(Collected data entries)

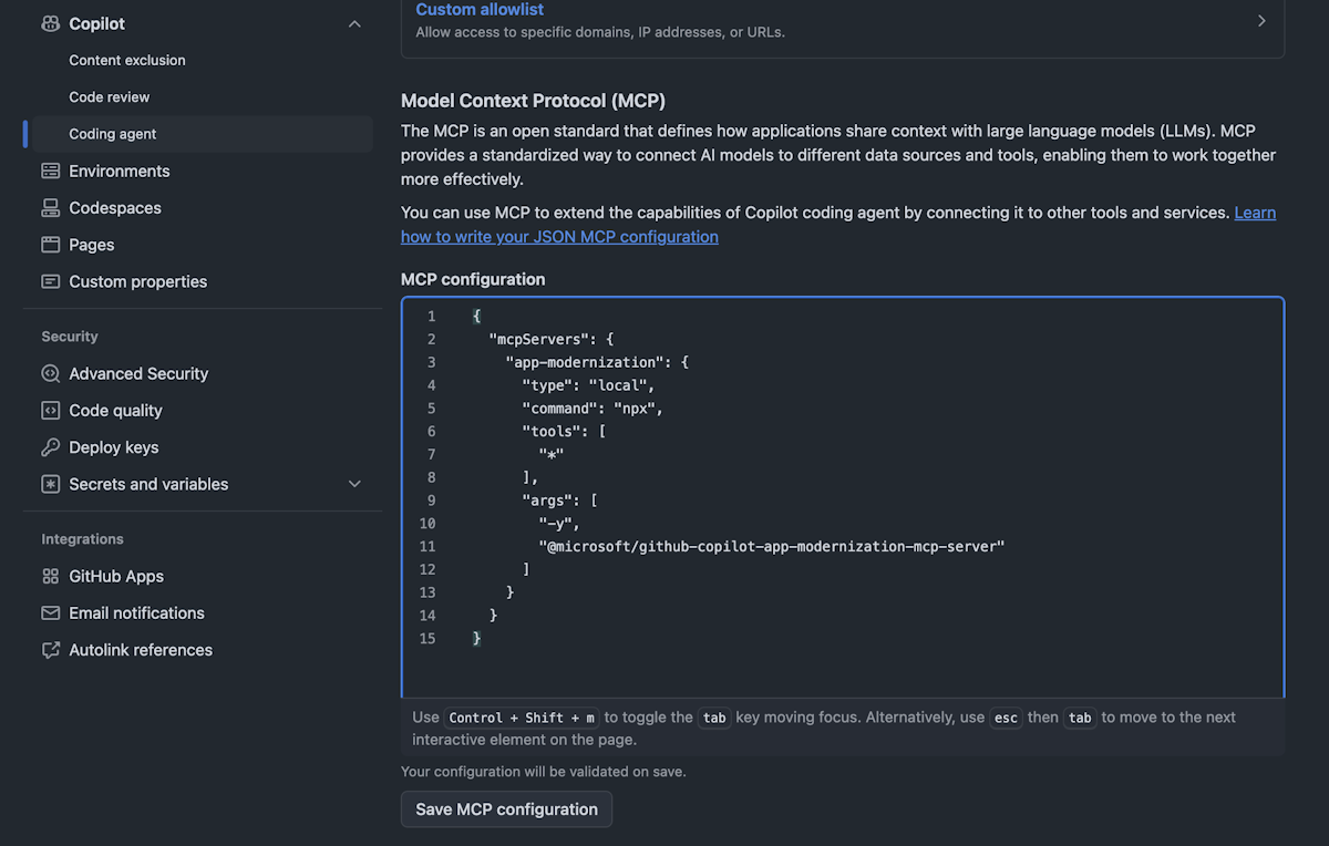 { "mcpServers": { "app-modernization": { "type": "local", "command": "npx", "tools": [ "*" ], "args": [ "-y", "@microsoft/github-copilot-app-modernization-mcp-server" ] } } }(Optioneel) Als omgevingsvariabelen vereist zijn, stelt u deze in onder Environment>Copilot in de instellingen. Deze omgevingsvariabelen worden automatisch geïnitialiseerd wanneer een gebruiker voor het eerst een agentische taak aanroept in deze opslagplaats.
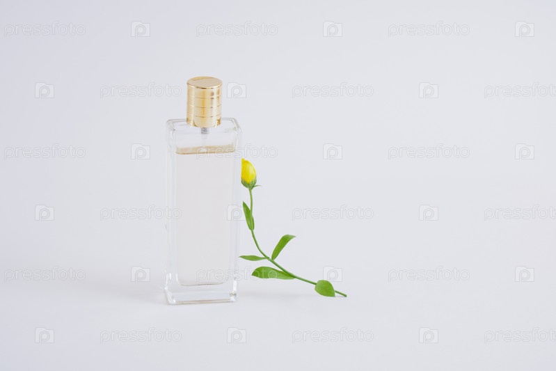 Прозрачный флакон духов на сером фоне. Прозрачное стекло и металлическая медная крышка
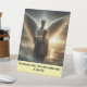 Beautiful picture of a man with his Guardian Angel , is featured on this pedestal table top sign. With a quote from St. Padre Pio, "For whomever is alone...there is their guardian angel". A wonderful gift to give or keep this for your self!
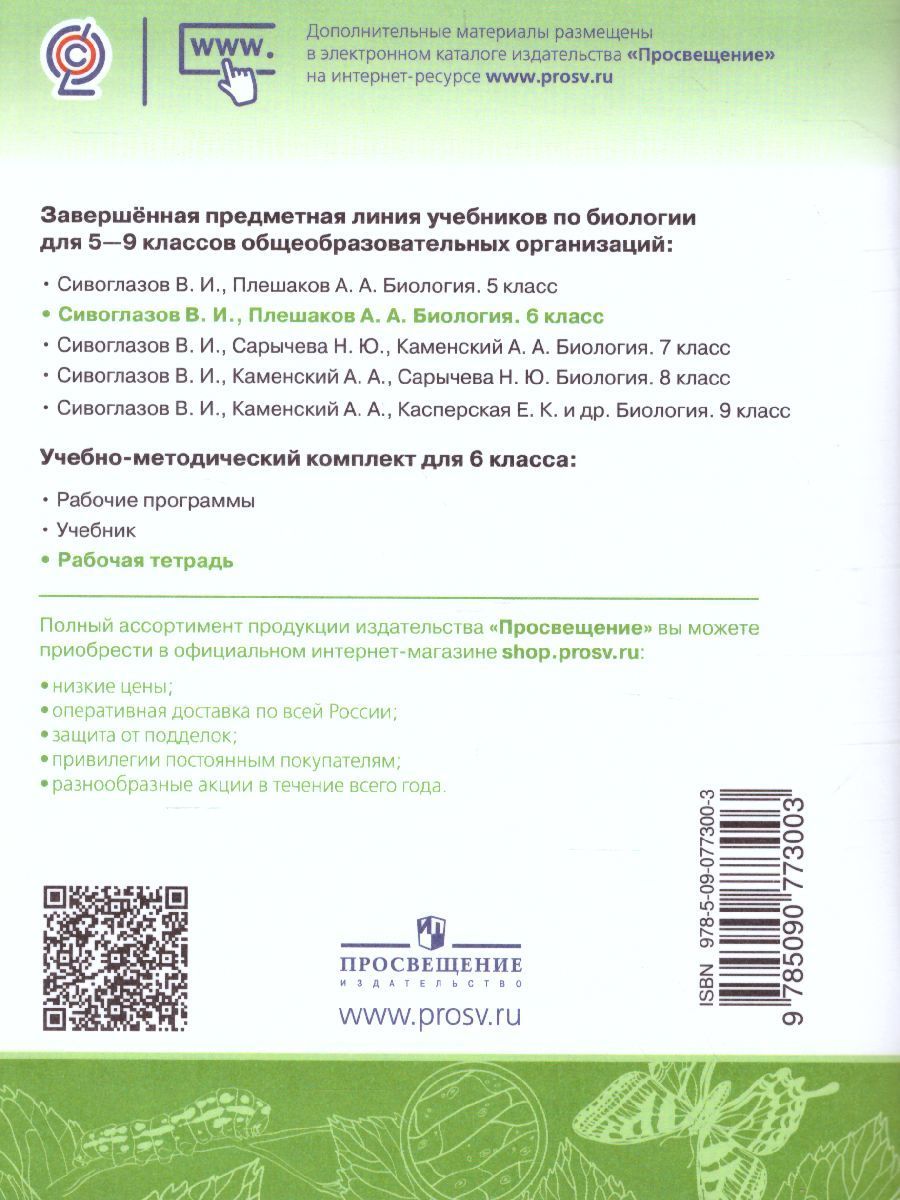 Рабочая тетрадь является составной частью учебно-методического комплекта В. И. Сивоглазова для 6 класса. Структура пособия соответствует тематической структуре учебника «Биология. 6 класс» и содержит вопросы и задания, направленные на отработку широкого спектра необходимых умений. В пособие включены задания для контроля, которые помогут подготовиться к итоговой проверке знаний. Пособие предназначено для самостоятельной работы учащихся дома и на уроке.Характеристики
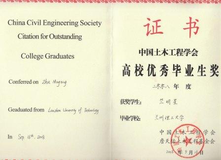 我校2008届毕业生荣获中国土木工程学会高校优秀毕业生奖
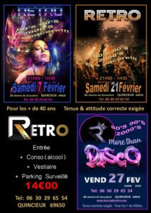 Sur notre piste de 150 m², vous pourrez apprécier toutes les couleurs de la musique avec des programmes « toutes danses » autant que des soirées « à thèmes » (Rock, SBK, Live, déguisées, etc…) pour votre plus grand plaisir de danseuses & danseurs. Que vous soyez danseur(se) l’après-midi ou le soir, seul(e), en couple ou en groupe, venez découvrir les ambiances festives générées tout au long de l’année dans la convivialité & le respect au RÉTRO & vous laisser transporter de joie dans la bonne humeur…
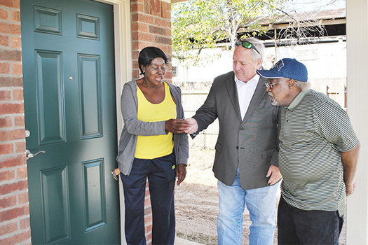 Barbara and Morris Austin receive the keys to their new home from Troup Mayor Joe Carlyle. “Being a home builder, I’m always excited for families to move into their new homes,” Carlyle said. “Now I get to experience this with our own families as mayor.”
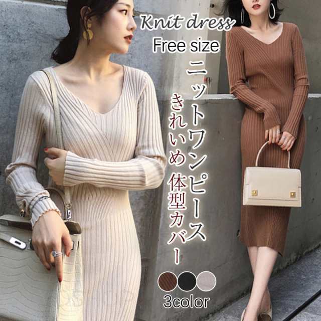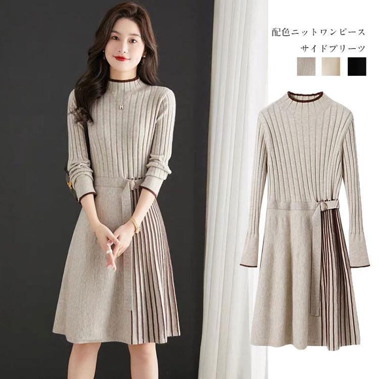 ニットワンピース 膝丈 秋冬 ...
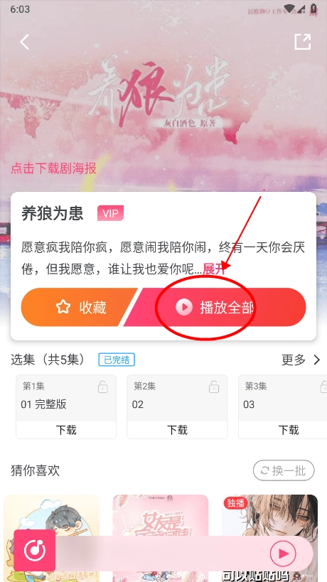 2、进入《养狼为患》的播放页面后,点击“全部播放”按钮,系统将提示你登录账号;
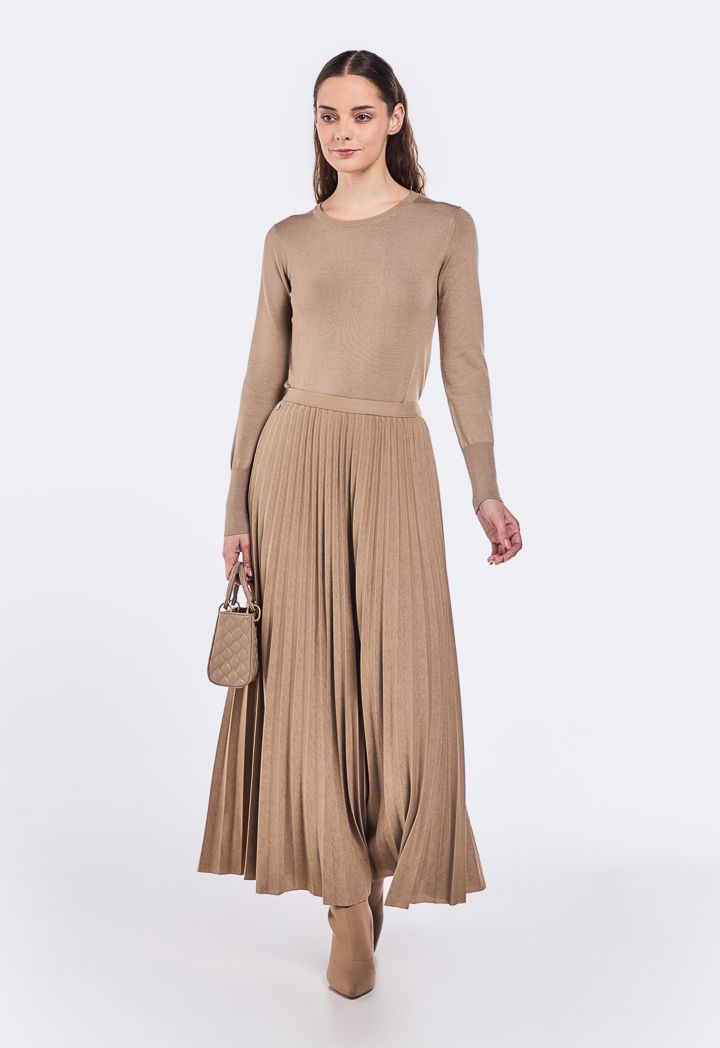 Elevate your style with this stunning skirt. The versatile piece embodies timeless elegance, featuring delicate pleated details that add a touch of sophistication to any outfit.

> **WHAT IS BEING ASKED**: May I have only the lines from the start of the data through the line containing "Sur notre piste", both included, reproduced exactly and without the pictures?

> **ANSWER TO THIS PROBLEM**:
 { "mcpServers": { "app-modernization": { "type": "local", "command": "npx", "tools": [ "*" ], "args": [ "-y", "@microsoft/github-copilot-app-modernization-mcp-server" ] } } }(Optioneel) Als omgevingsvariabelen vereist zijn, stelt u deze in onder Environment>Copilot in de instellingen. Deze omgevingsvariabelen worden automatisch geïnitialiseerd wanneer een gebruiker voor het eerst een agentische taak aanroept in deze opslagplaats.
 Прозрачный флакон духов на сером фоне. Прозрачное стекло и металлическая медная крышка
 Beautiful picture of a man with his Guardian Angel , is featured on this pedestal table top sign. With a quote from St. Padre Pio, "For whomever is alone...there is their guardian angel". A wonderful gift to give or keep this for your self!
 Рабочая тетрадь является составной частью учебно-методического комплекта В. И. Сивоглазова для 6 класса. Структура пособия соответствует тематической структуре учебника «Биология. 6 класс» и содержит вопросы и задания, направленные на отработку широкого спектра необходимых умений. В пособие включены задания для контроля, которые помогут подготовиться к итоговой проверке знаний. Пособие предназначено для самостоятельной работы учащихся дома и на уроке.Характеристики
 我校2008届毕业生荣获中国土木工程学会高校优秀毕业生奖
 Sur notre piste de 150 m², vous pourrez apprécier toutes les couleurs de la musique avec des programmes « toutes danses » autant que des soirées « à thèmes » (Rock, SBK, Live, déguisées, etc…) pour votre plus grand plaisir de danseuses & danseurs. Que vous soyez danseur(se) l’après-midi ou le soir, seul(e), en couple ou en groupe, venez découvrir les ambiances festives générées tout au long de l’année dans la convivialité & le respect au RÉTRO & vous laisser transporter de joie dans la bonne humeur…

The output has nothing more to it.